Steven Utley writes about...
Fame, Fortune, and, Uh, I Forget
Our plaintive wish that we might be remembered when Steven goes (to) Hollywood (in issue 100) seems to have struck a chord...
During my formative years as an artiste I gave away my doodles and the typescripts of my early stories to practically anybody who showed even a little interest in getting them. Opinion diverged as to whether I should pursue a career in Art or Literature, but the consensus was that I should excel in whichever field I chose, and be great, and become rich and famous. And friends promised always to cherish whatever I bestowed upon them even after I had become rich and famous and old acquaintance had been forgot, and then to cash in once I was dead and gone.

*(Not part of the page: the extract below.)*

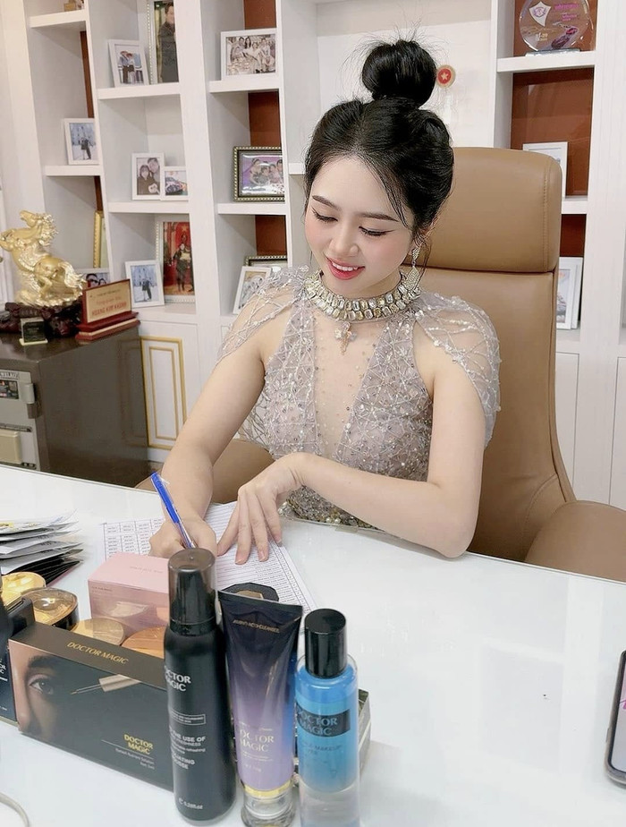 Con dâu bà chủ Thẩm mỹ viện Mailisa duy trì lối makeup tự nhiên với nền da mỏng nhẹ từ kem CC, eyeliner cánh mèo mảnh và son bóng hồng đào, kết hợp routine dưỡng da hàng ngày bao gồm serum hyaluronic acid và mặt nạ collagen để giữ làn da căng bóng, glowy. Ảnh: FBNV
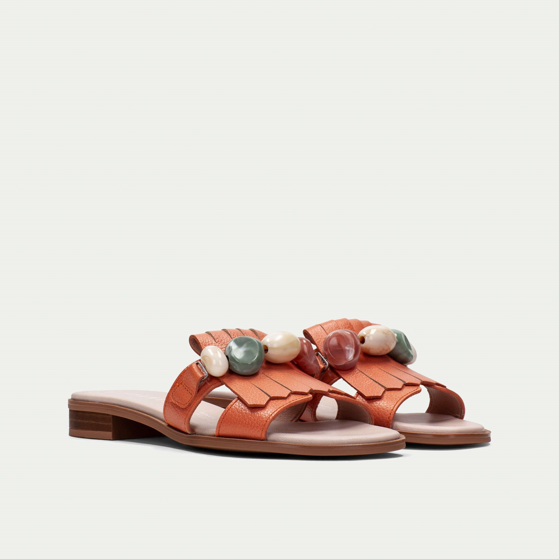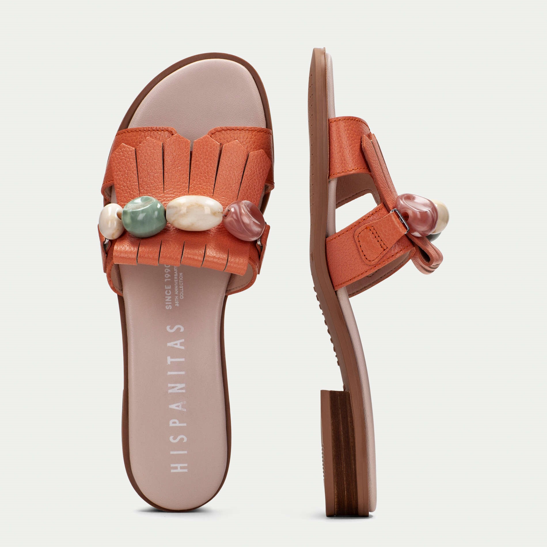 Hispanitas kožne papuče u pastelno narandžastoj boji sa resama i dekorativnom šnalom od raznobojnih kamenčića

Some of these people and some of this early work have since resurfaced at class reunions, and several individuals seemed put out that during the intervening decades I had not, in fact, Become Rich And Famous, never mind that I remembered them. It availed me nothing, of course, to protest that I was the one faced both with the actual hard work of Becoming Rich And Famous (presumably on the strength of my doodling and/or typing skills) and with eventual memory loss. Anyway, I didn't want to seem like a bad sport. Greater men than I had begun as humbly. Could I aspire to less than had the young Picasso, who gave away his precocious scribbles, or the young Einstein, who handed out his early arithmetic homework? And young Henry James had at least meant to give people his early stories, though by the time he finished inserting the dependent clauses he was middle-aged and the intended recipients of his juvenilia had wandered off. (Conversely, young Ernest Hemingway's early work was so terse that people often mistook it for telegrams, enabling the future author of A Farewell to Arms to sock away a bit of change by pretending to be from Western Union.)
Moreover, there was always the faint hope that if I should, still, one day, somehow, pull off the trick of Becoming Rich And Famous, I could, like Proust before me, have the last laugh on those who expected me not to remember them.
The matter may be out of my hands, however. I was prodigious in my youth, and now the ravages of age are beginning to accomplish what elusive Fame and Fortune have not had the opportunity to do. I can no longer keep track of all the people who expect me to forget them once I Become R&F; they are in real danger of being forgotten while I am yet poor and obscure.